Front. Neurol., 22 July 2022
Sec. Stroke
This article is part of the Research Topic Small Vessel Disease: From Diagnosis to Organized Management Pathways View all 6 articles

Periventricular white matter hyperintensities are associated with gait and balance in patients with minor stroke

  • Department of Neurology, The Affiliated Hospital of Qingdao University, Qingdao, China

Objective: Cerebral small vessel disease (CSVD) is associated with gait and balance deficits in older adults. However, the effect of CSVD-related brain injury on post-stroke mobility is unknown. This study aimed to investigate the association of CSVD with gait and balance impairment after a minor stroke.

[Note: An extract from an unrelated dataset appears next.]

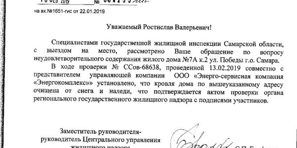 Номер жалобы:48397 Тип жалобы:Городская среда Название объекта: Регион:Самарская область Город:Самара Адрес:ул. Победы, 7а к2 Описание жалобы:Ул. Победы 7а корпус 2 - висят глыбы льда,вода сочится по перекрытиям на чердак и затапливает квартиры на 5- м этаже. Ук ООО ЭСКО Энергокомплекс на просьбы очистить крышу от снега и наледи не реагирует. Статус:

Methods: A total of 273 patients with a minor stroke (NIHSS ≤ 5 points) who were hospitalized at the Affiliated Hospital of Qingdao University were enrolled. The manifestations of white matter hyperintensities (WMH), lacunes, enlarged perivascular spaces (EPVS), and cerebral microbleeds (CMB) were statistically analyzed according to magnetic resonance imaging results, and the total burden score of CSVD was calculated. Gait function was assessed by a 6-m walking speed test, and balance function was assessed by the timed-up-and-go (TUG) test. Linear regression analysis was applied to determine the association after adjusting for key variables.

Results: The correlation results showed that in patients with minor stroke, age, sex, smoking history, and the infarct site were associated with gait speed, and age and the infarct site were associated with the TUG test. In the univariate linear regression model, periventricular white matter hyperintensities (PVWMH), deep white matter hyperintensities (DWMH), and the total burden of CSVD were correlated with gait speed, while only PVWMH correlated with the TUG test. After adjusting for confounders, only PVWMH were independent predictors of gait speed (β = −0.089, p < 0.05) and the TUG test (β = 0.517, p < 0.05).

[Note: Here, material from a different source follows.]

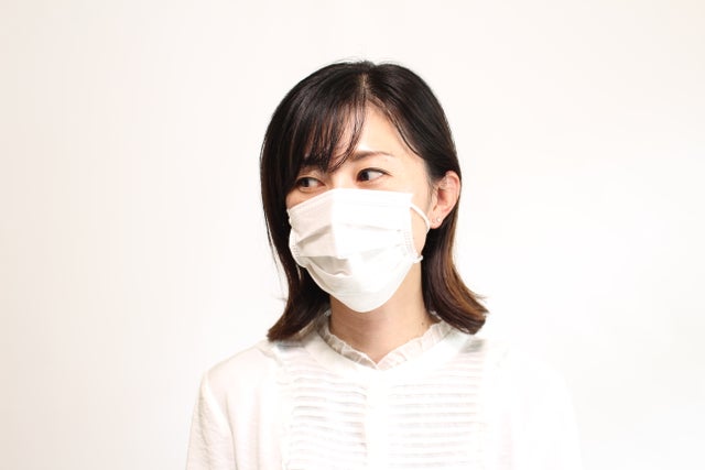 マスクの紐を耳の下に通します。

Conclusions: Our study confirmed that CSVD is associated with gait and balance disorders after a minor stroke. PVWMH are independent predictors of gait and balance disorders in patients with minor stroke. These findings should be confirmed in larger prospective studies.

Introduction

Cerebral small vessel disease (CSVD) is a pathological process in cerebral arterioles, capillaries, and venules caused by a variety of factors. It manifests in magnetic resonance imaging (MRI) as white matter hyperintensities (WMH), microbleeds (CMB), lacunes, and enlarged perivascular spaces (EPVS) (1, 2). CSVD is common in elderly individuals, and gait and balance disorders are the second most common problem in CSVD after cognitive impairment (3, 4). Gait and balance disorders can lead to falls and functional dependence, increasing the risk of hospitalization and death (5, 6). Previous studies have shown that gait and balance disorders are associated with individual MRI features of CSVD, such as WMH and CMB (79). Painter et al. (10) first explored and showed a correlation between the total burden of CSVD and gait impairment in 2017.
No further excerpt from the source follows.